Pope Francis met with Italy's top Special Olympics athletes on Friday, encouraging them and all athletes to make sports a place for loyalty, human dignity and joy.

"It is my hope that you all might live the upcoming games in a joyful, passionate, serene manner: have fun," he said.

The Pope held a June 19 audience for Italy's 150 delegates to the Special Olympics 2015 World Games. The event will be held in Los Angeles, Calif. July 25 to August 2.

During his remarks, Pope Francis reflected on the promise of sports. "It is beautiful and meaningful that young people and adults find in sport and participation in competitions, including at an international level, an incentive to live their life fully," he said. "It is a challenge, and you have accepted it and 'taken the field'."

"I encourage you to continue in your efforts to help each other to discover your potential and to love life, to appreciate it in all its limits and above all, its beautiful sides."
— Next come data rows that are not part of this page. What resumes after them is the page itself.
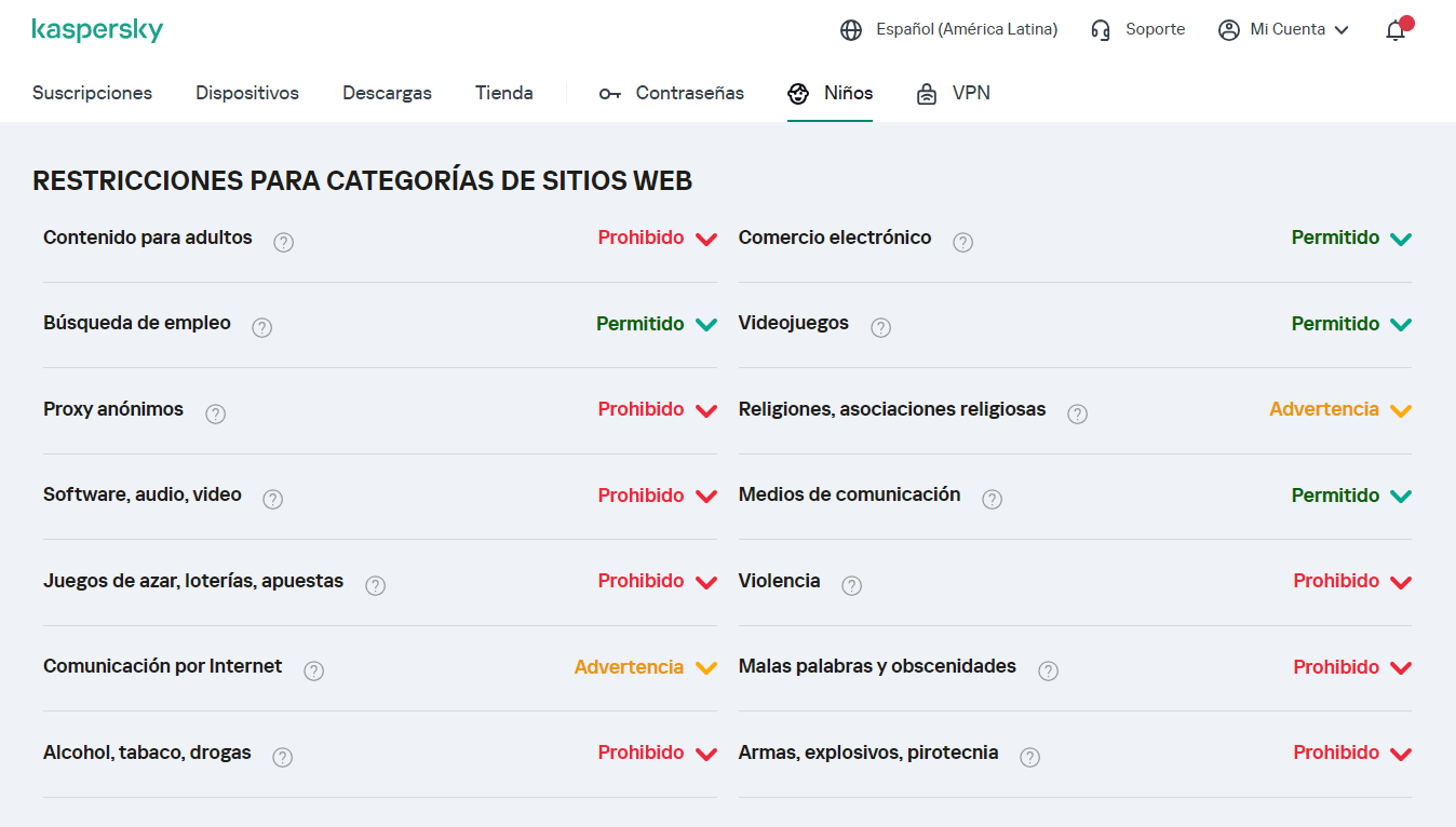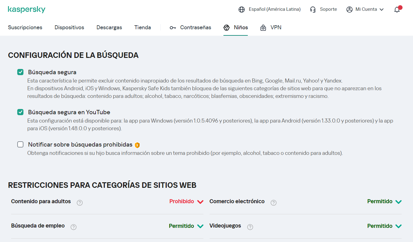 - Filtrado de Contenidos: Kaspersky Safe Kids permite a los padres filtrar y controlar el acceso a contenidos inapropiados en la web, asegurando que los niños naveguen en un entorno online seguro.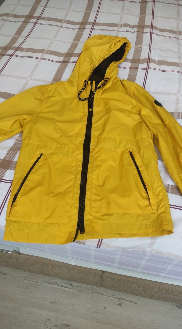 Sarı, kapüşonlu ve fermuarlı erkek mont. Sentetik kumaştan, uzun kollu ve parlak görünümlü, gündelik dış mekan kullanımı için uygun.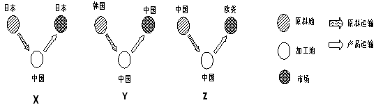2、单选题 读图,X、Y、Z三个外资的企业生产、销售示意图,回答1—2题。
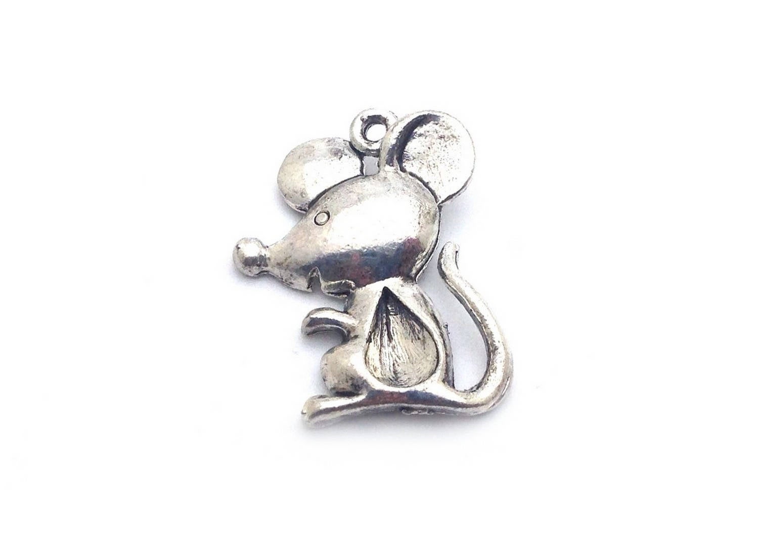 x2 Breloques Souris en métal argenté foncé – 19x24 mm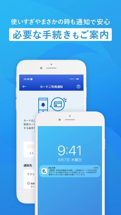 - 盗難などの不正利用を即座に知らせ、安心・便利なカードライフをサポート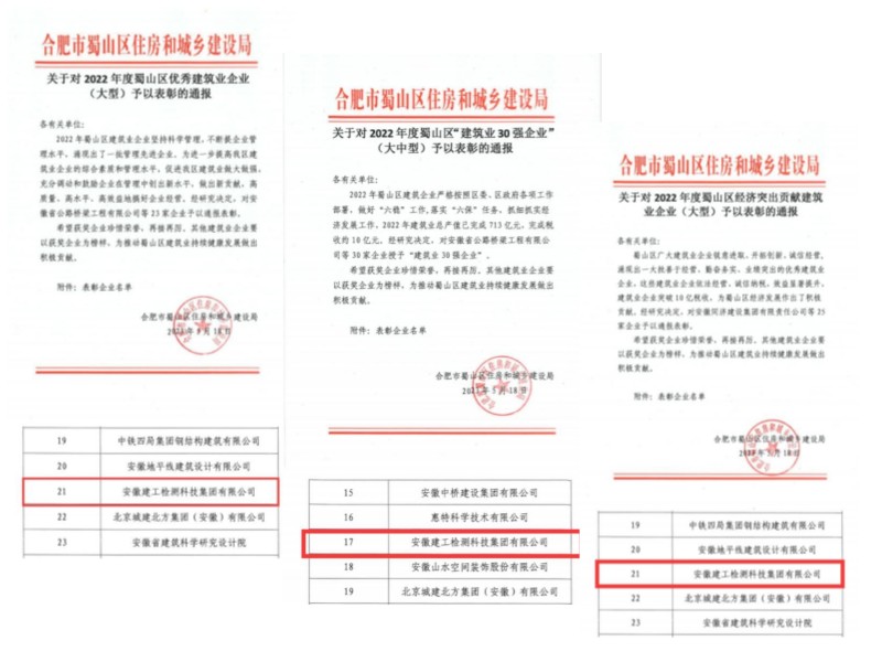 2023年5月18日,合肥市蜀山區(qū)住房和城鄉(xiāng)建設(shè)局發(fā)布對(duì)區(qū)內(nèi)建筑業(yè)企業(yè)予以表彰的通報(bào),我司榮獲“優(yōu)秀建筑業(yè)企業(yè)”、“建筑業(yè)30強(qiáng)企業(yè)”、“經(jīng)濟(jì)突出貢獻(xiàn)建筑業(yè)企業(yè)”3類獎(jiǎng)項(xiàng)。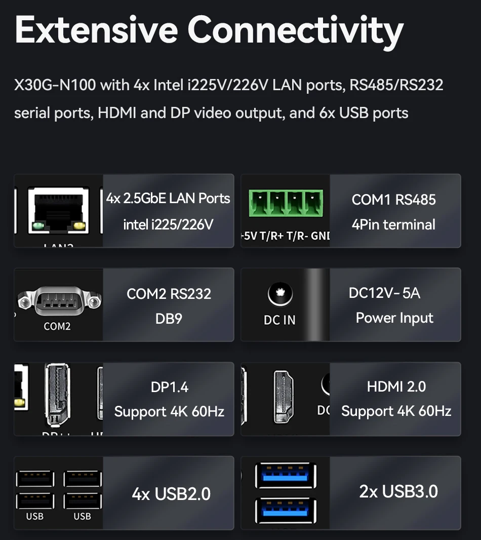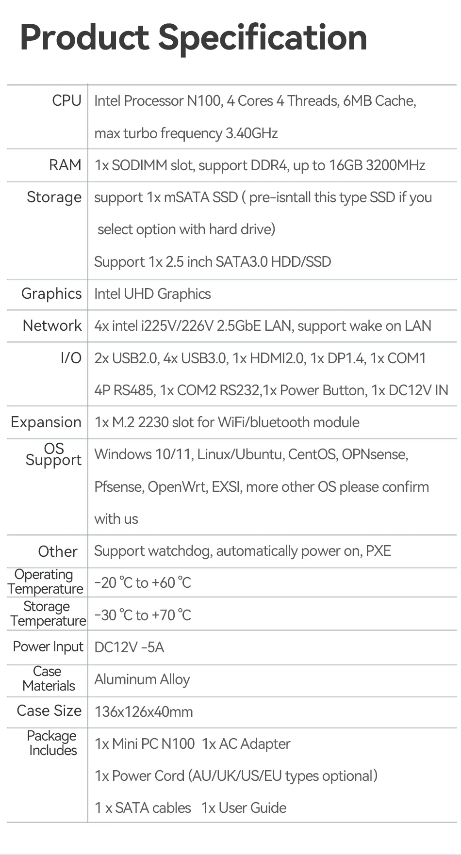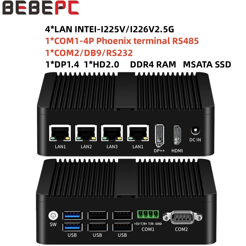Comprar BEBEPC-Mini PC Intel N100 2 X COM RS485 RS232 Firewall Router 4 LAN DDR4 intel Ethernet i225V i226V Pfsense Linux Windows 11 4K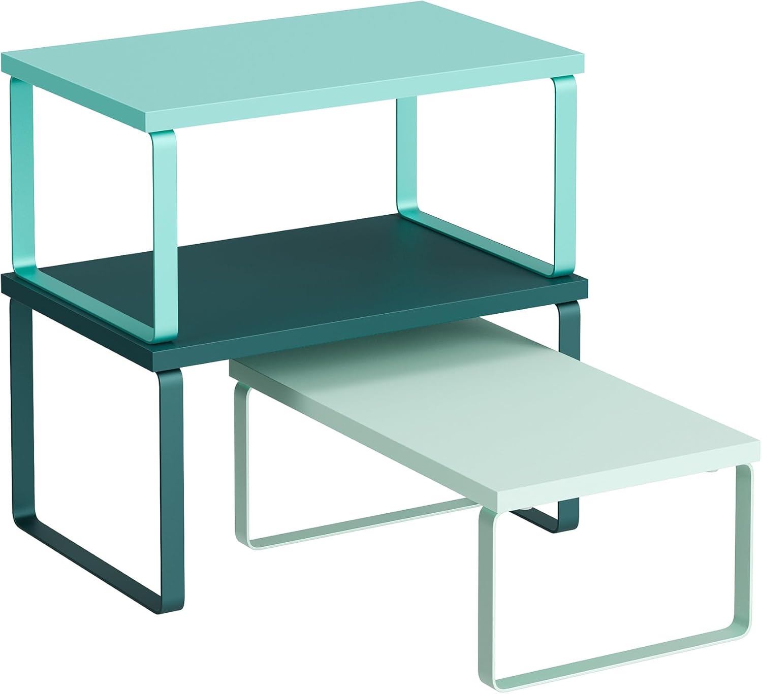 SONGMICS Cabinet Organizer Shelf, Set of 3 Kitchen Counter Shelves, Kitchen Storage, Spice Rack, Stackable, Expandable, Green UKCS220C01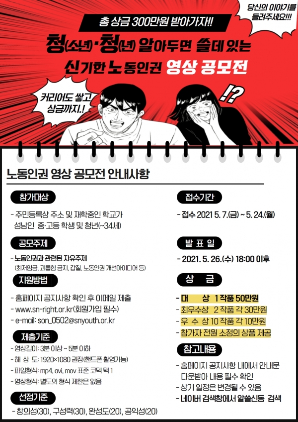 성남시청소년재단(대표이사 진미석)은 5월7일부터 24일까지 청소년-청년 노동인권 영상 공모전을 개최한다.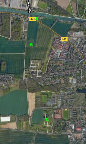 I agree the tents photo is looking south towards the town cemetery however in the photo there are fence and trees to the left. Could the tents be at about 52.385843, 9.650279 ??? (I assume the clear pathways cut through the crop are just temporary features).
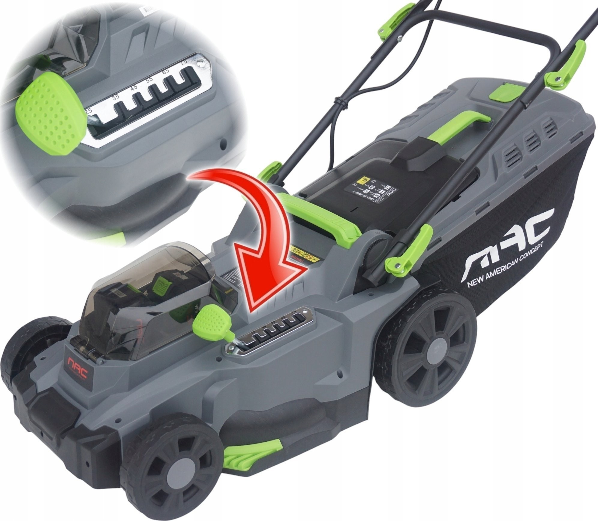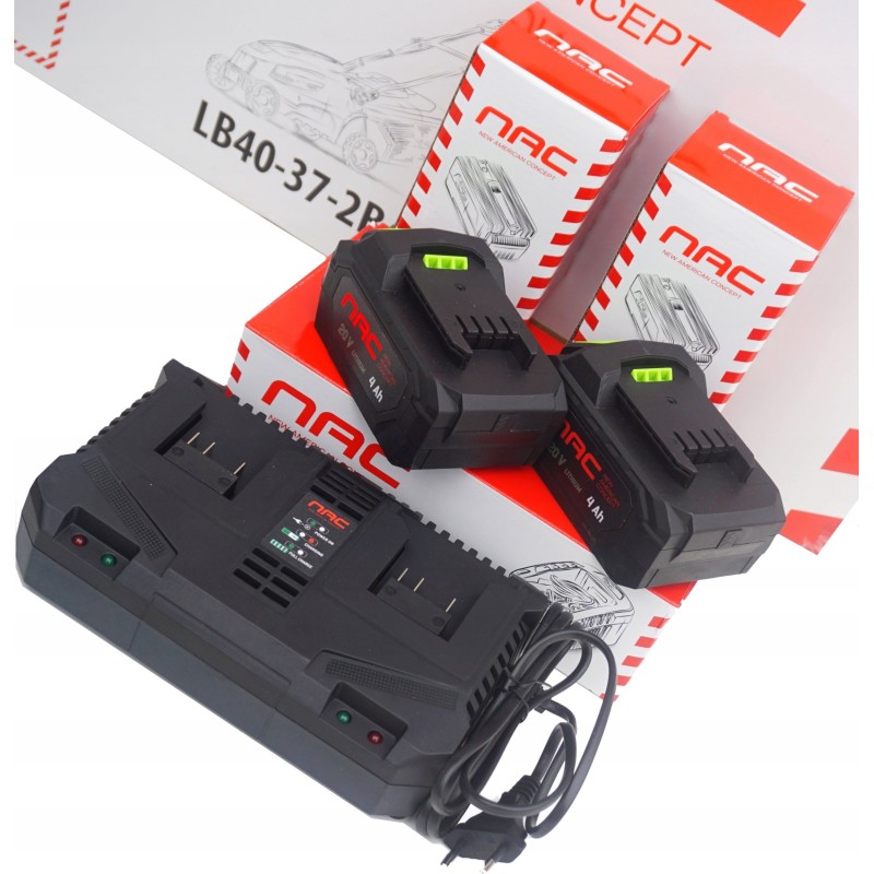 NAC. Akku-Rasenmäher, Schnittbreite 37 cm, 2x20 V, 2x4 Ah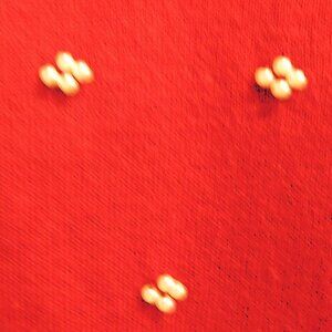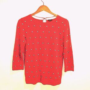 Red sweater with faux pearl embellishments on front and 3/4 sleeves. Keyhole closure in back. Rayon, nylon, cotton blend.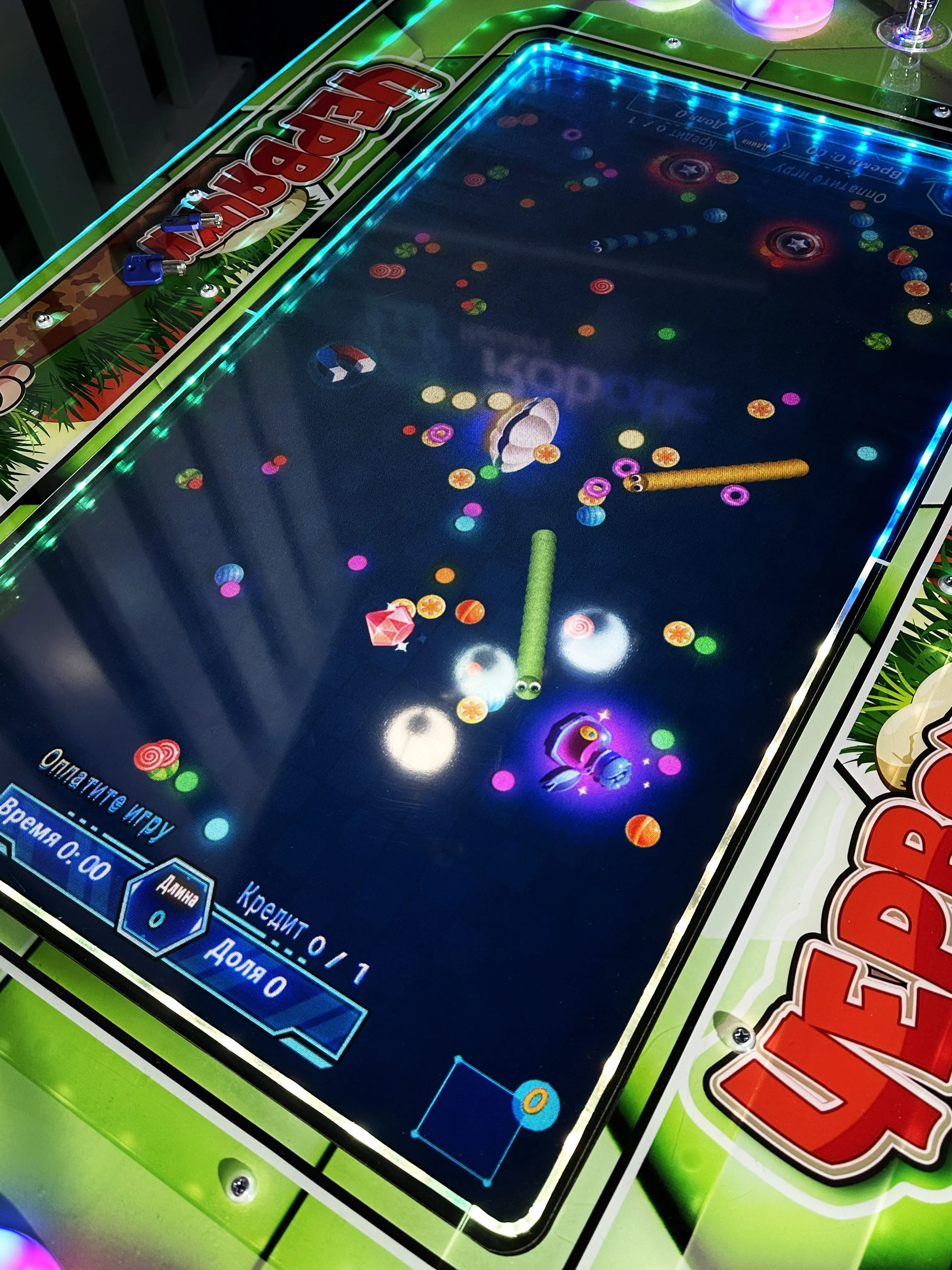 «Червячки» — это соревновательный игровой автомат с большим 32-дюймовым экраном и ярким дизайном, который привлекает внимание детей и взрослых. Игра создана для активного и веселого времяпрепровождения: можно играть как одному, так и вдвоем, что делает автомат отличным инструментом для развития коммуникации и командного взаимодействия.

The Pope also encouraged the Special Olympians to make friends from around the world.
 
The Special Olympics were founded in the U.S. in 1968 by Eunice Kennedy Shriver to provide sports and athletic opportunities for the mentally disabled. Over 4.4 million athletes in 177 countries take part in over 81,000 games and competitions each year, according to the website of the Special Olympics' 2015 world games.

Pope Francis said the athletes had chosen sports as "an experience of development and growth, in the presence of a condition of fragility and limitation."

He told them that sports is a way to learn "to participate, to outdo oneself, to strive together."

"All this helps you to become active members of society and also of the Church; and it helps society itself and the Church to overcome all forms of discrimination and exclusion."

He encouraged the athletes to be faithful to this ideal of sports.

"Do not let yourself be contaminated by a false sporting culture, that of economic success, victory at any cost, and individualism," he continued. He praised amateur sports' culture of "gratuity" and of "sport for sport's sake."

"We must protect and defend sport as an experience of human values: competition yes, but in loyalty and solidarity. Dignity for every person: always! No one must feel excluded from sport," said Pope Francis.

He said the world of sports and the Church can work together to restore the "true meaning" of sports in its "educational, playful and recreational" aspects and to restore its cultural and social dignity.